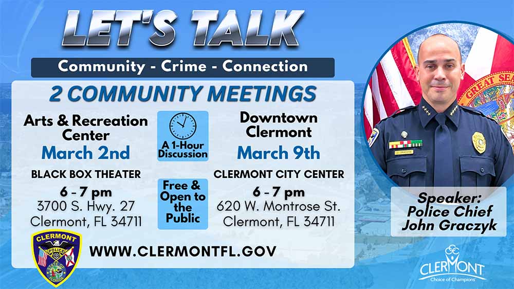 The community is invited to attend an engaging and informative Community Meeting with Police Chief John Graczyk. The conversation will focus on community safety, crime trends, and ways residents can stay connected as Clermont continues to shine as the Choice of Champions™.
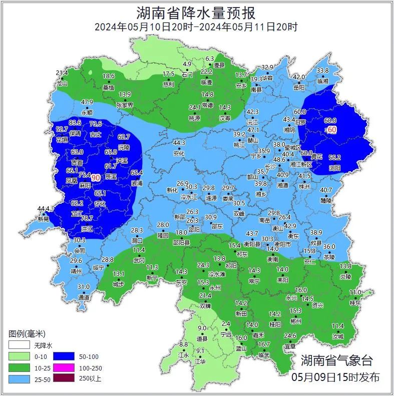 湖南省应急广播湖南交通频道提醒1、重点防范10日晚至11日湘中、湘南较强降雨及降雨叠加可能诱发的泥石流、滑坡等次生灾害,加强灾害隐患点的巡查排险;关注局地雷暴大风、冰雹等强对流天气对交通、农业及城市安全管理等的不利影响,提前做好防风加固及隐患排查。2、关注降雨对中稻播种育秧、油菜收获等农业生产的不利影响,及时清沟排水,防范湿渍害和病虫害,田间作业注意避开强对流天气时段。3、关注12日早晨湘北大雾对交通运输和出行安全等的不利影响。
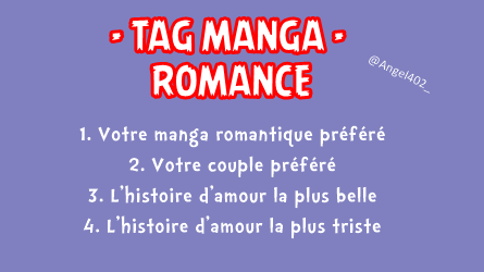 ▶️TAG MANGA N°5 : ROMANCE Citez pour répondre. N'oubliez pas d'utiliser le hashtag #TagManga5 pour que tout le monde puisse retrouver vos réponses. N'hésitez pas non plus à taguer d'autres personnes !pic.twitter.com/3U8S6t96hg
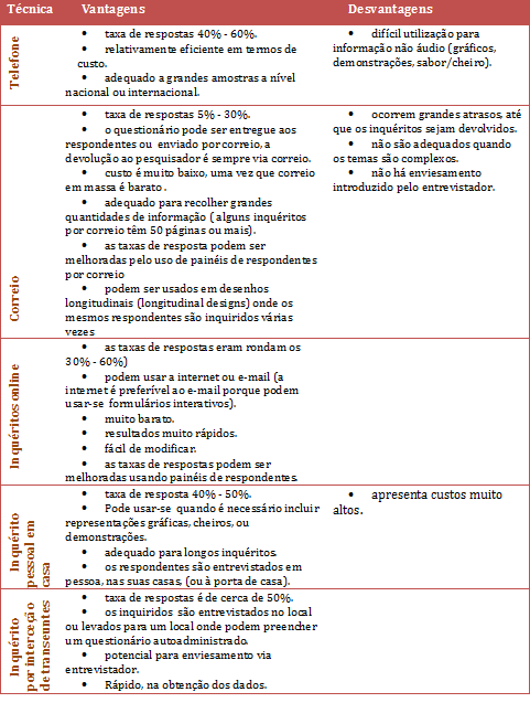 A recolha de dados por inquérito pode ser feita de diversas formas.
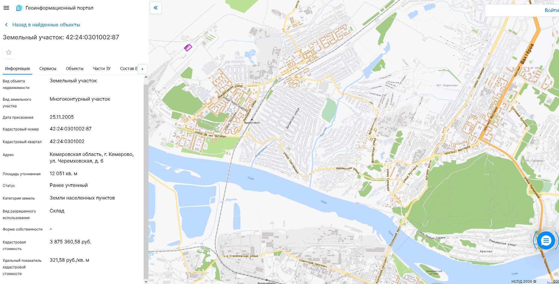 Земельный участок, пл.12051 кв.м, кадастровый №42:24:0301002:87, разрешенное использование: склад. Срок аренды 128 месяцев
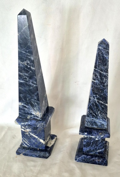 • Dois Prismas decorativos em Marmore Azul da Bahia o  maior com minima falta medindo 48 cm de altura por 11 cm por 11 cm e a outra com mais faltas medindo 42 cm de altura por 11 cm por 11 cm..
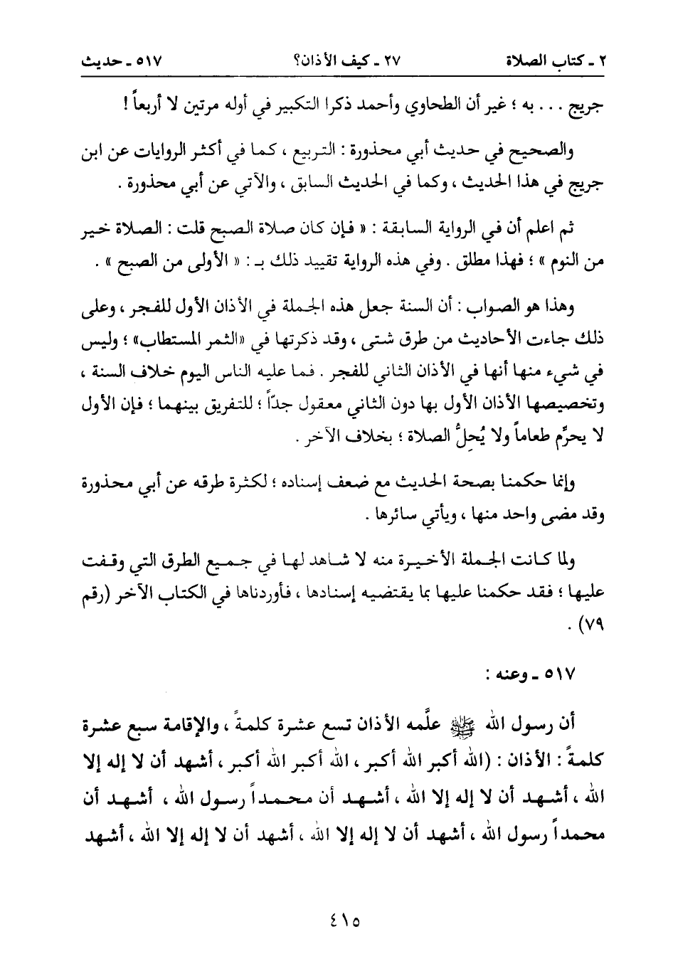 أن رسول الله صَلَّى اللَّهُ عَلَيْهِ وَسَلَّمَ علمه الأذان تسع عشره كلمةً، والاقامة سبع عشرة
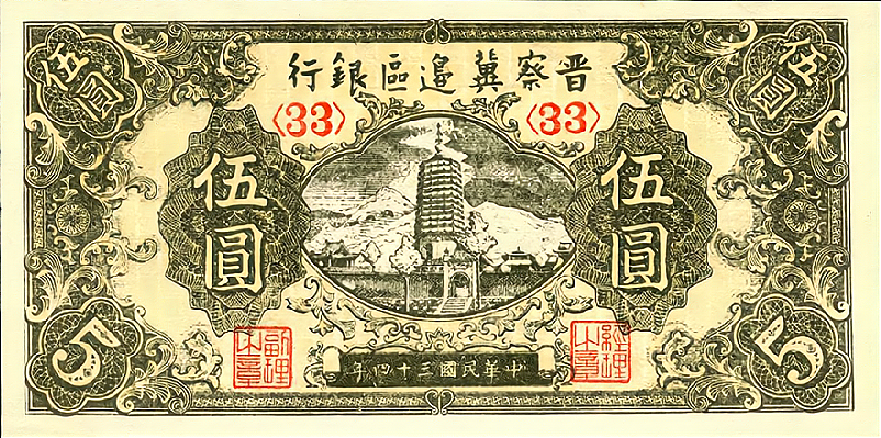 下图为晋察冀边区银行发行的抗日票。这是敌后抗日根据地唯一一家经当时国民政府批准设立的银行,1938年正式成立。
...
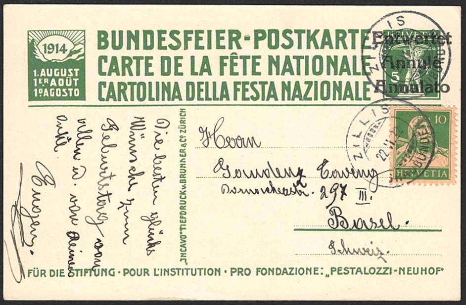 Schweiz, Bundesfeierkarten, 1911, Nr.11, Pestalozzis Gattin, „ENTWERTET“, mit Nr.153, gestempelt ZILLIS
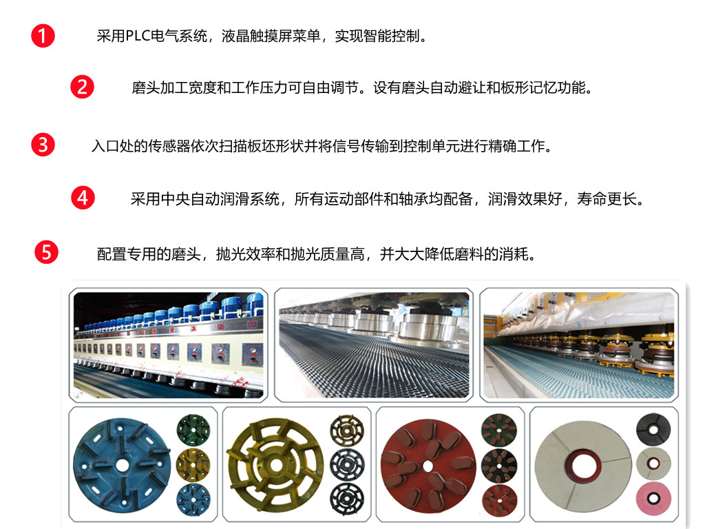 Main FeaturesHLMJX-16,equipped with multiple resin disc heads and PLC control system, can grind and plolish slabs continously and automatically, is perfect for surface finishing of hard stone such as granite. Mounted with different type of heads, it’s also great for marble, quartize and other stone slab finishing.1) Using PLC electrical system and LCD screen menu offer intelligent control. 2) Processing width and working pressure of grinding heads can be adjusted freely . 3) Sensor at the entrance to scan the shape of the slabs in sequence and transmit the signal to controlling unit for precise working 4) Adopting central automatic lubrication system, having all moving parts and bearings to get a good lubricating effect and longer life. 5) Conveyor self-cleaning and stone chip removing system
...
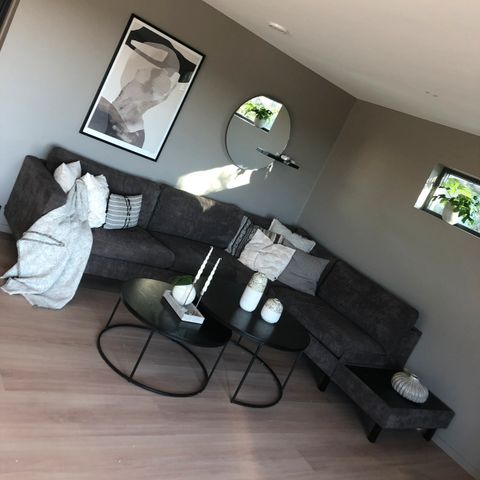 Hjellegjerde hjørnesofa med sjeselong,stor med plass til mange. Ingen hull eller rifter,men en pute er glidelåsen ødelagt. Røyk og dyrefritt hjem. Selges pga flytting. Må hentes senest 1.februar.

▶ TASK GOAL
Keep to the lines above from the line with "The community is" to the line with "Земельный участок, пл.12051", and set down exactly those, inclusive, with nothing else and every picture left out.

▶ YOUR SOLUTION
 The community is invited to attend an engaging and informative Community Meeting with Police Chief John Graczyk. The conversation will focus on community safety, crime trends, and ways residents can stay connected as Clermont continues to shine as the Choice of Champions™.
 湖南省应急广播湖南交通频道提醒1、重点防范10日晚至11日湘中、湘南较强降雨及降雨叠加可能诱发的泥石流、滑坡等次生灾害,加强灾害隐患点的巡查排险;关注局地雷暴大风、冰雹等强对流天气对交通、农业及城市安全管理等的不利影响,提前做好防风加固及隐患排查。2、关注降雨对中稻播种育秧、油菜收获等农业生产的不利影响,及时清沟排水,防范湿渍害和病虫害,田间作业注意避开强对流天气时段。3、关注12日早晨湘北大雾对交通运输和出行安全等的不利影响。
 ▶️TAG MANGA N°5 : ROMANCE Citez pour répondre. N'oubliez pas d'utiliser le hashtag #TagManga5 pour que tout le monde puisse retrouver vos réponses. N'hésitez pas non plus à taguer d'autres personnes !pic.twitter.com/3U8S6t96hg
 A recolha de dados por inquérito pode ser feita de diversas formas.
 Земельный участок, пл.12051 кв.м, кадастровый №42:24:0301002:87, разрешенное использование: склад. Срок аренды 128 месяцев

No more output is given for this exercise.